Introduction: Boasian Aesthetics: American Poetry, Visual Culture, and Cultural Anthropology


American Popular Social Science: The Boasian Legacy


This essay considers the Boasian legacy in relation to popular social scientific writing. Franz Boas is widely remembered as a founder of academic anthropology in the United States. Yet his wider historical impact rests with his lifelong battle against scientific racism, which he waged both in his more specialized academic work and in publications directed to a readership of nonspecialists. Many of his students followed Boas in writing for, and reaching, a broad reading public. Indeed, some of the best-known figures in American anthropology -- Margaret Mead, Ruth Benedict, Elsie Clews Parsons, and Zora Neale Hurston -- achieved their fame through their popularly accessible writing. I argue that popular social science is its own genre, with a distinctive aesthetic appeal that rests with presenting "interesting" and sometimes useful information. Through an analysis of some notable Boasian examples of this popular social science genre, including Hurston's 'Mules and Men', I identify a distinctively modernist version of this aesthetic, which I call the aesthetics of cultural relativism.

Voices and Vices of the Ancestors: Reading and Teaching the Boasians in the Twenty-First Century


More than most disciplines, anthropology teaches its practitioners to be mindful of their ancestors. By training and temperament a Boasian, I have throughout my career listened to the voices of Franz Boas and his students, in particular, Edward Sapir. This paper examines some of their writings intended to bring the central messages of their anthropology -- antiracism and cultural relativism -- to a wide audience. I focus on their use of the words "primitive" and "savage" as they deploy them in writing about literature, philosophy, and culture in relationship to language and, in particular, grammatical categories. My reading aim is to recuperate the Boasians for twenty-first-century graduate students who, offended by Boasian terminology, may not be able to hear their message.

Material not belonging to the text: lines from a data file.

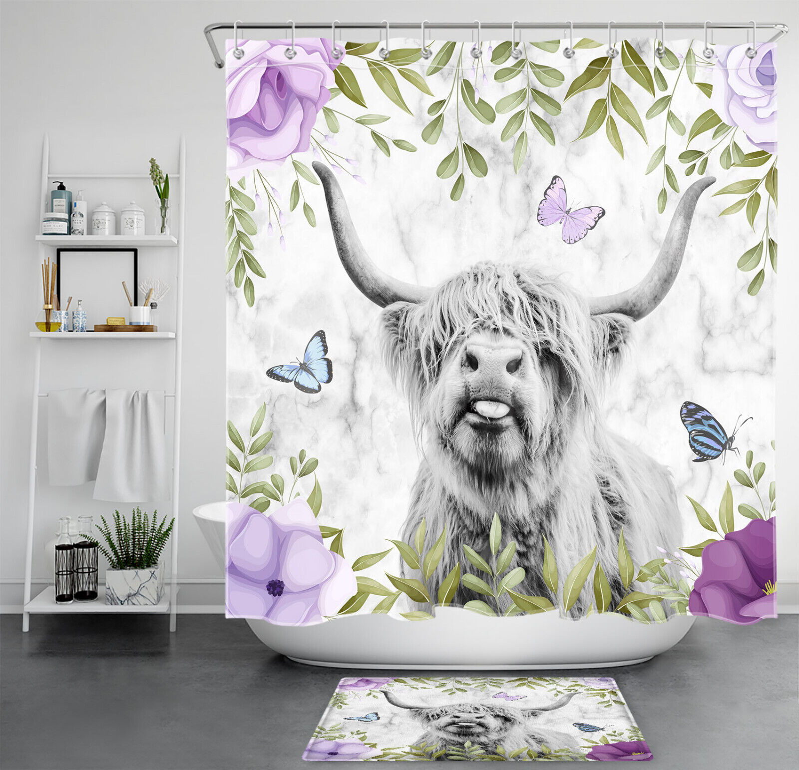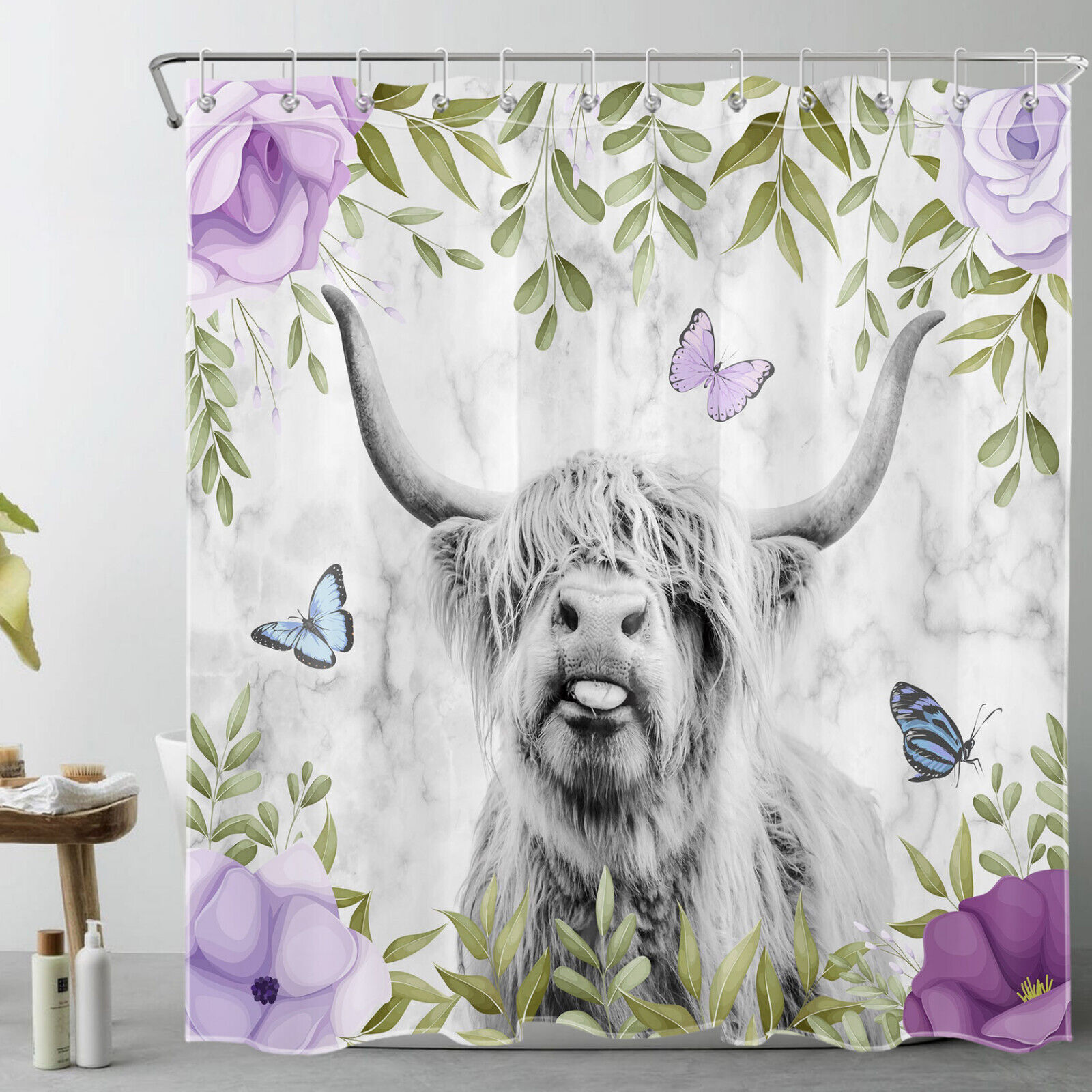 Highland Cow in Marble Texture with Purple Florals – Shower Curtain for Bathroom Decor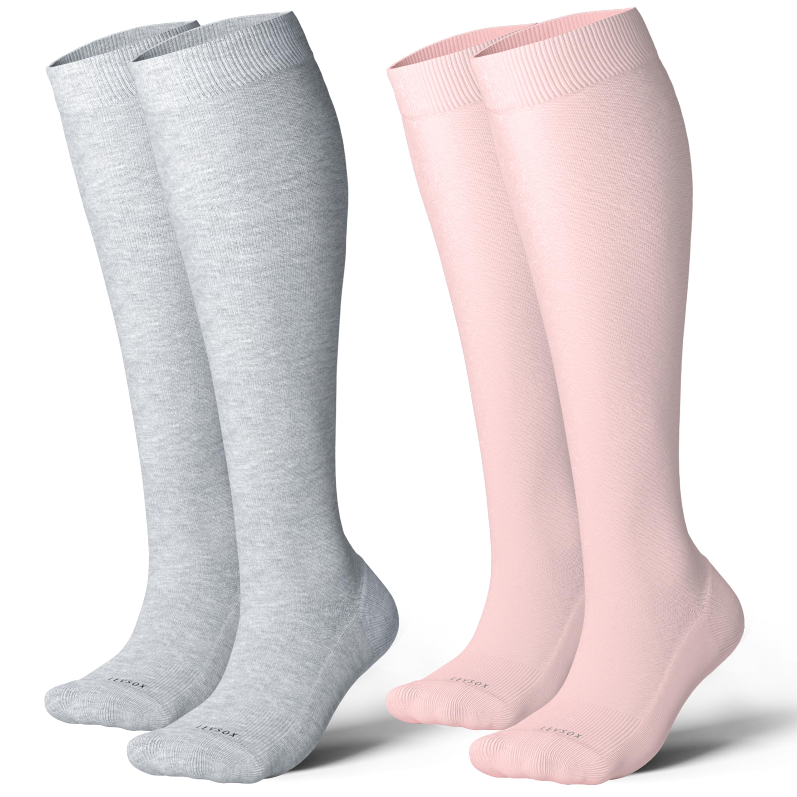 COMPRESSION SOCKS 20-30 mmHg. A Durable Compression Socks have wide variety of fun colors and designs specially for nurses, size rang cover both women and men. Double stitched with functional Fabric and knitted with seamless compression technology. Fits comfortable, easy to get on and delivers 360° support to feet and legs. Knee high long sleeves compression socks make sure the graduated support effect entire calf.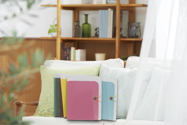 カラーリングはお部屋のカラーやデザインにこだわりのある方にもご満足いただける、インテリアに調和するスモーキーでナチュラルなカラー。フロントポケットはコットンホワイト、チャコールグレー、ウォルナットブラウン、ポタリーブルー、アクアブルー、プランツグリーン、ペアーイエロー、ダリアピンクの8色が揃っています。ご家庭で本棚やシェルフに置いて、毎日の生活空間の中にも心地よく溶け込む洗練されたカラー&デザインです。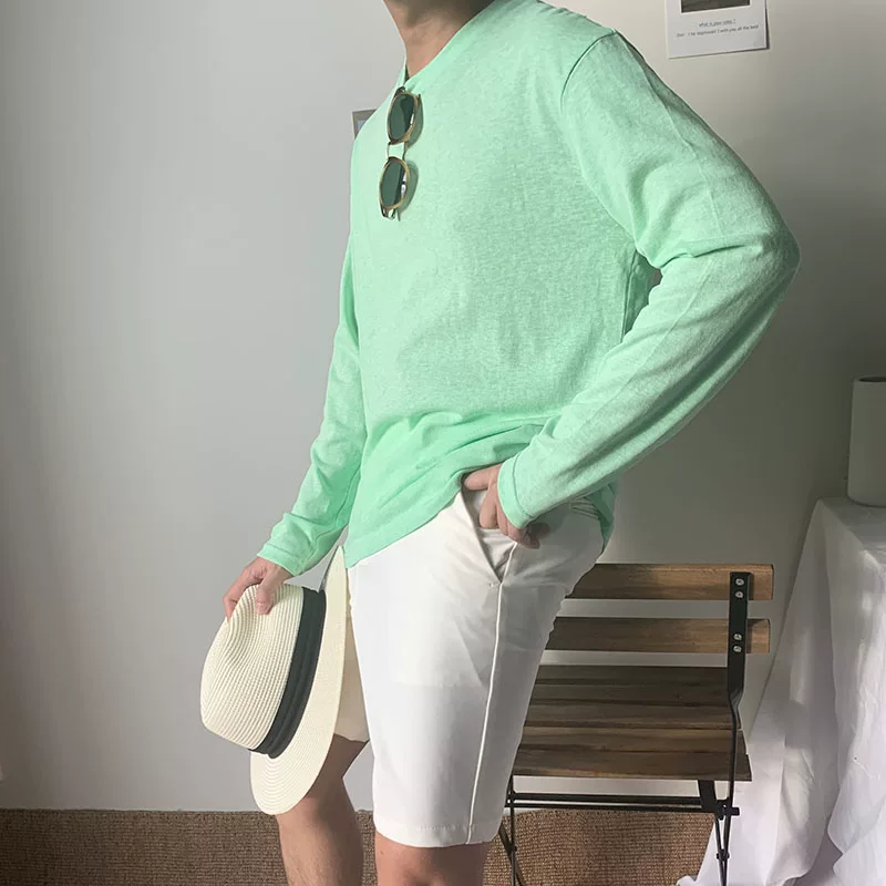 Áo thun dài tay phong cách Hàn Quốc áo thun mỏng cho nam mùa hè mỏng, chống nắng, lười, thoải mái, đa năng và thoáng khí - Áo phông dài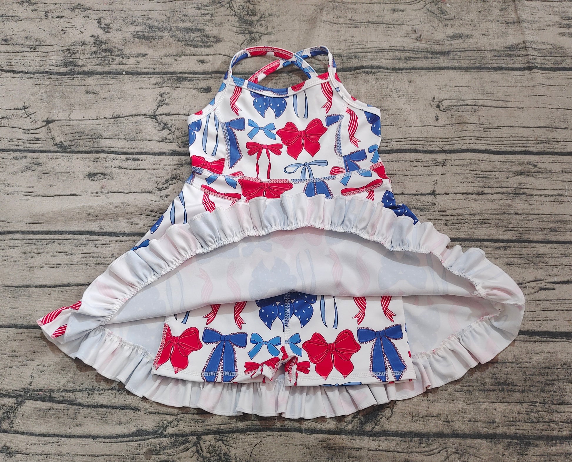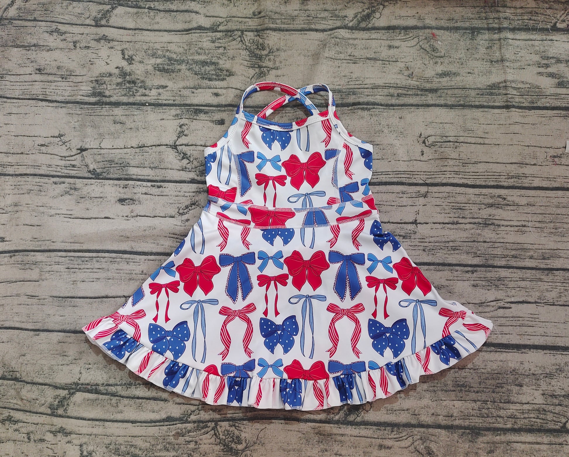 Baby Girls Strap Blue Red Bows 4th Of July Yoga Active Knee Length Dresses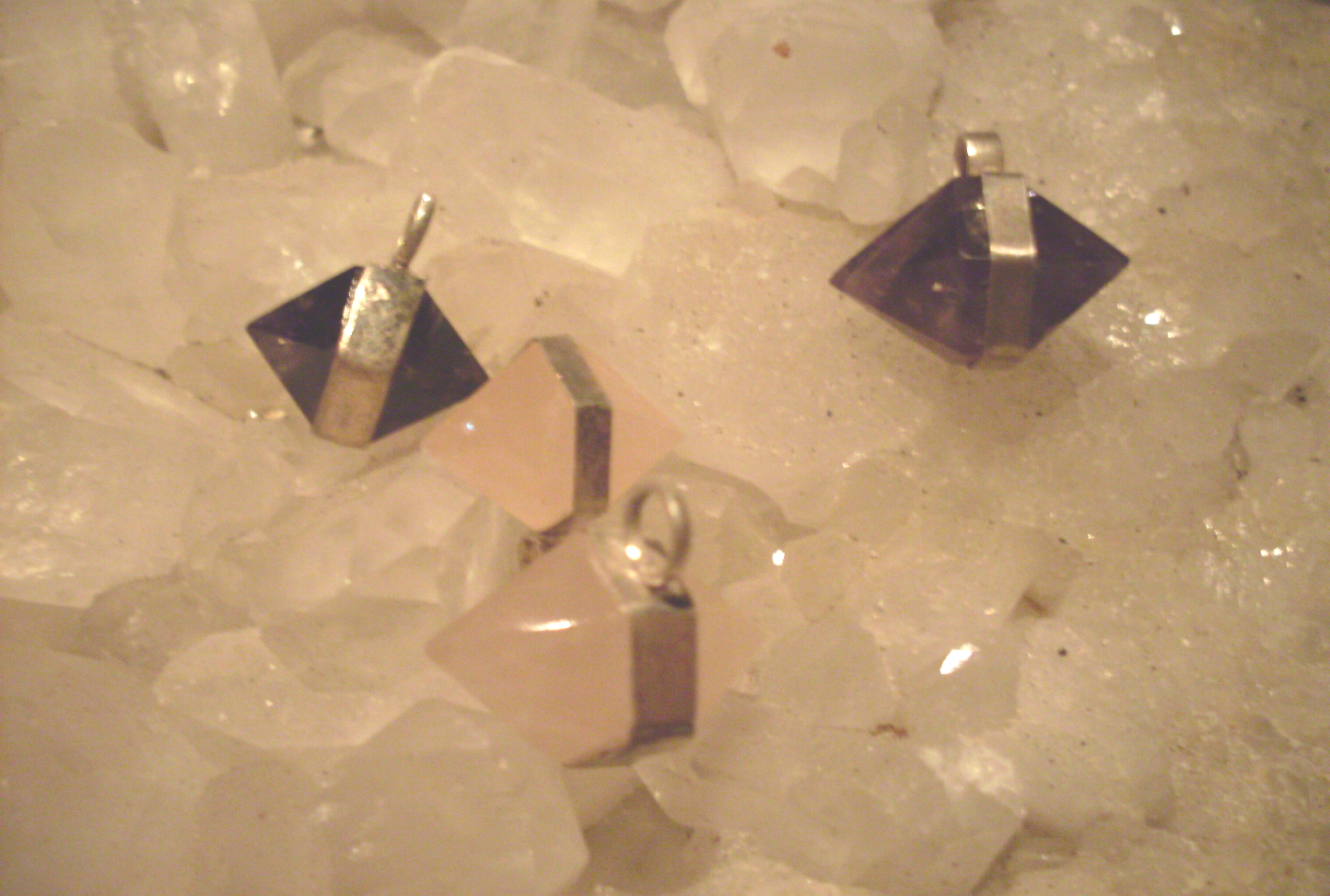 12: Speciale hangerpuntjes in zilver gezet!Amethist of Roze kwarts dubbelpuntjes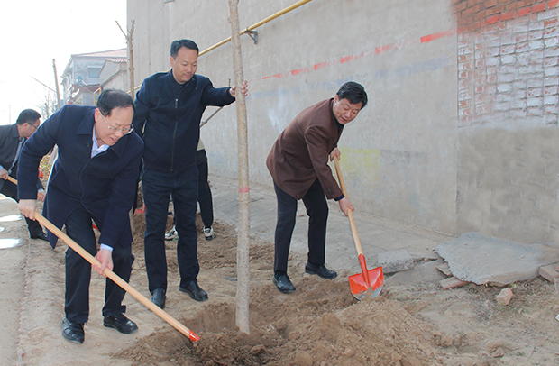 邵金远到任庄村义务植树点,为任庄村栽种下希望之树,并对我校大学生志愿者深入农村、挥洒汗水、献力美丽乡村的精神给予表扬。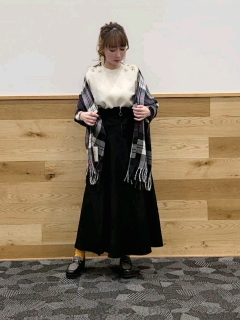モノトーンコーデにチェックでポイントを💫 Instagram >> @__kosumeru058__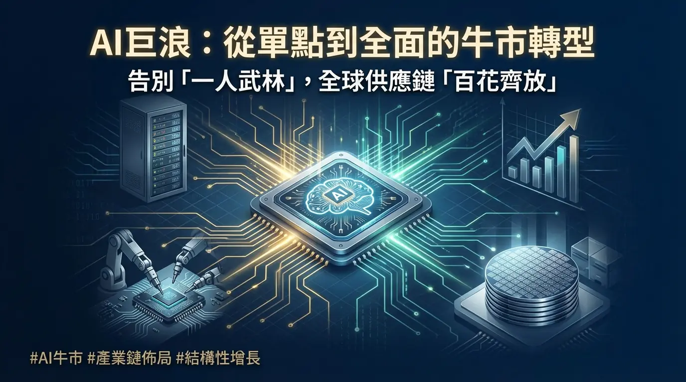 人工智慧(AI)的第二波巨浪,正以超乎市場預期的力道席捲全球,推動台灣加權指數以前所未見的速度衝破歷史新高。當投資人沉浸在指數不斷創高的喜悅中時,一個更深層次的問題浮現:這場由AI點燃的多頭派對,究竟是短暫的煙火,還是才剛剛進入中場的盛宴?更重要的是,過去由台積電一家公司獨撐大局的「一人武林」時代是否已經過去?答案,或許藏在全球產業鏈的結構性轉變之中。事實上,目前的市場正展現出一種截然不同的面貌——漲勢不再僅僅集中於少數AI巨擘,而是以一種更健康、更全面的姿態,向各個產業擴散。這不僅僅是資金的輪動,更是一場結構性的牛市轉型。本文將深入剖析這波AI熱潮的底層驅動力,並透過解構美國、日本與台灣在全球AI供應鏈中的獨特定位,為投資者描繪出一幅在資金輪動下的新投資地圖,挖掘下一階段的潛力所在。
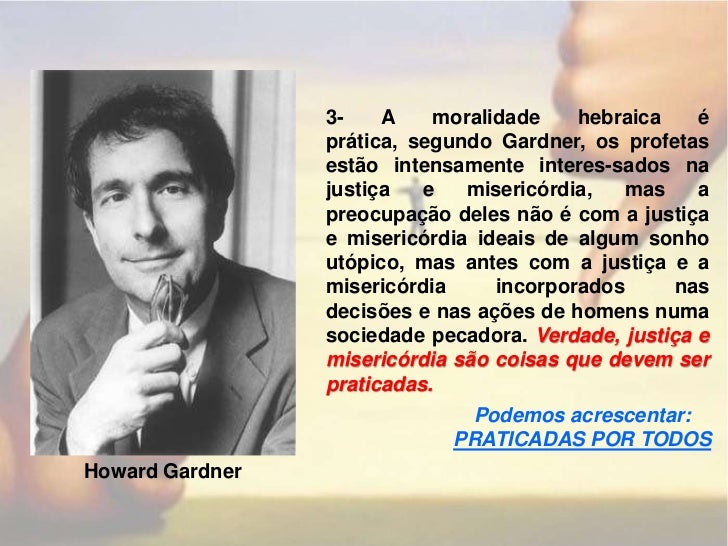 29. 29. 3- A moralidade hebraica é prática, segundo Gardner, os profetas estão intensamente interes-sados na justiça e misericórdia, mas a preocupação deles não é com a justiça e misericórdia ideais de algum sonho utópico, mas antes com a justiça e a misericórdia incorporados nas decisões e nas ações de homens numa sociedade pecadora. Verdade, justiça e misericórdia são coisas que devem ser praticadas.<br />Podemos acrescentar:PRATICADAS POR TODOS<br />Howard Gardner<br />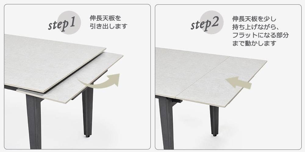 伸長方法は天板下に収納された伸長用天板を引き出し、持ち上げるようにしながら天板とフラットになる部分まで動かすだけの簡単な操作です。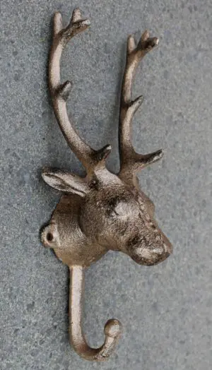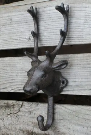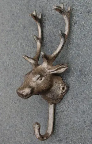 een wat grotere gietijzeren kapstokhaak hert donkerbruin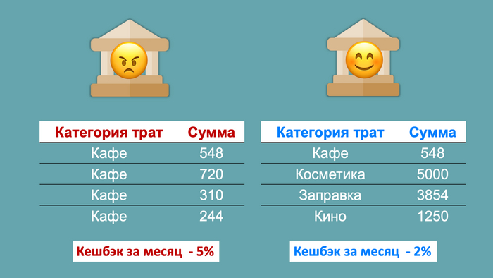 Самые продвинутые из вас скажут, что можно схитрить – заказать разные карты в разных банках и оплачивать ими покупки в разных магазинах. Но банку это вряд ли понравится. Он рассчитывает, что бОльшая доля трансакций по карте будет приходиться на категории с минимальным кэшбэком.

Boasian Soundings: An Interrupted History of the Senses (and Poetry) in Anthropology


This essay traces the long, if interrupted, history of the life of the senses and poetry -- the most sensuous form of writing -- in anthropology. It begins by documenting the fascination with the measurement of the senses of the "'savage races'" in the British and French anthropology of the late nineteenth century. It then delves into the rupture with psychophysical methods of investigation introduced by the great pioneer of American anthropology, Franz Boas, and how his example inspired a new focus on the cultural logistics of sensation that is apparent in the work of his students -- Ruth Benedict, Margaret Mead, and Edward Sapir. Significantly, all three of these sensuous scholars also experimented with writing poetry. There followed a dark period during which the interest in sensation was eclipsed by a new focus on interpretation -- or treating cultures as 'texts' to be 'read', following Clifford Geertz. Interest in the senses and sensation was further sidelined as a result of the mutation of the idea of 'reading culture' into 'writing culture', following James Clifford and George Marcus, and the redefinition of the anthropological endeavor as a 'process of textualization.' The prevailing notion of textualization was woefully prosaic. Then, as the new millennium dawned, anthropologists awoke from the sleep of the senses, and the focus shifted from representation to sensation (again) -- that is, from 'writing culture' to 'sensing cultures.' The method of sensory ethnography, which depends on 'participant sensation', emerged as the method of choice, and this shift tied in with a revalorization of poetry. This article includes an unpublished letter by the late Clifford Geertz by way of rejoinder, which casts the textual revolution in anthropological theory in a different light, and a letter by the poetanthropologist Roseline Lambert that extolls the virtues of poetry as sense-making practice.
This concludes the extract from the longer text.